§ ABOUT THIS EXERCISE
Using the records below, copy exactly the part that opens with the line holding "Akuamarin ve kök" and closes with the line holding "Na návsi pod", minus the pictures.

INPUT RECORDS Block Start

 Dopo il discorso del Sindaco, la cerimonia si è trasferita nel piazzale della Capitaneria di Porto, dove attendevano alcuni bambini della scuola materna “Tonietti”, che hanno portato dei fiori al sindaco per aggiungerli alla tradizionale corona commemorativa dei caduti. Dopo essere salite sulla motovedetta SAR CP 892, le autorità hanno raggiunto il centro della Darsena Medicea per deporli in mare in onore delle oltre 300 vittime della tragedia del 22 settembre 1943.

INPUT RECORDS Block End
INPUT RECORDS Block Start

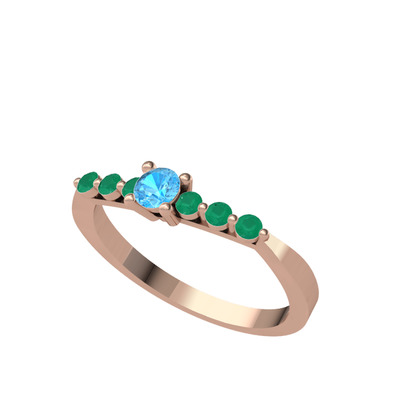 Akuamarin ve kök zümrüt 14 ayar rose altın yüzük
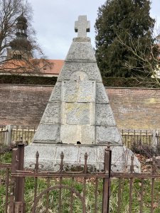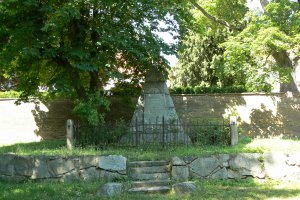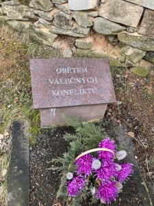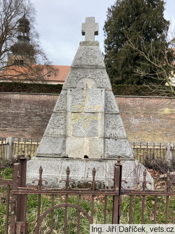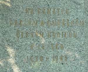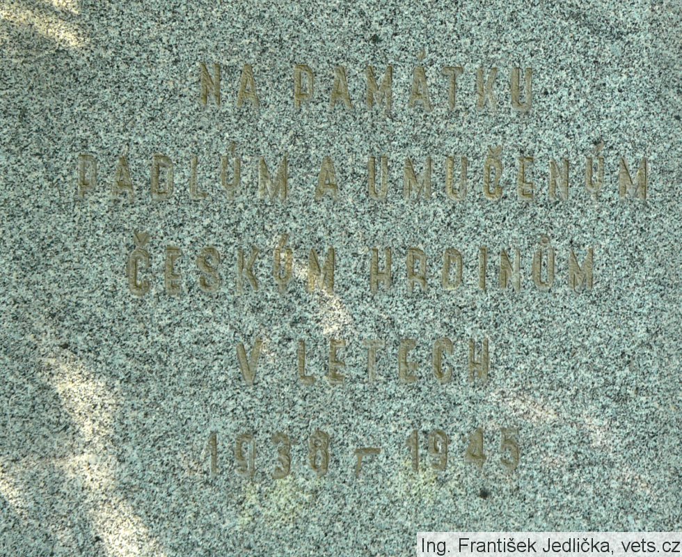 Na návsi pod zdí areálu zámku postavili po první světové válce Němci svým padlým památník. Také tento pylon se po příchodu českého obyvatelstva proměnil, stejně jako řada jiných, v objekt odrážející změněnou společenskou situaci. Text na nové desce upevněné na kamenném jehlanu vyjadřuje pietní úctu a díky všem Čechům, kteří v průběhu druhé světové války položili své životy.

INPUT RECORDS Block End

§ YOUR SOLUTION
 Akuamarin ve kök zümrüt 14 ayar rose altın yüzük
 Na návsi pod zdí areálu zámku postavili po první světové válce Němci svým padlým památník. Také tento pylon se po příchodu českého obyvatelstva proměnil, stejně jako řada jiných, v objekt odrážející změněnou společenskou situaci. Text na nové desce upevněné na kamenném jehlanu vyjadřuje pietní úctu a díky všem Čechům, kteří v průběhu druhé světové války položili své životy.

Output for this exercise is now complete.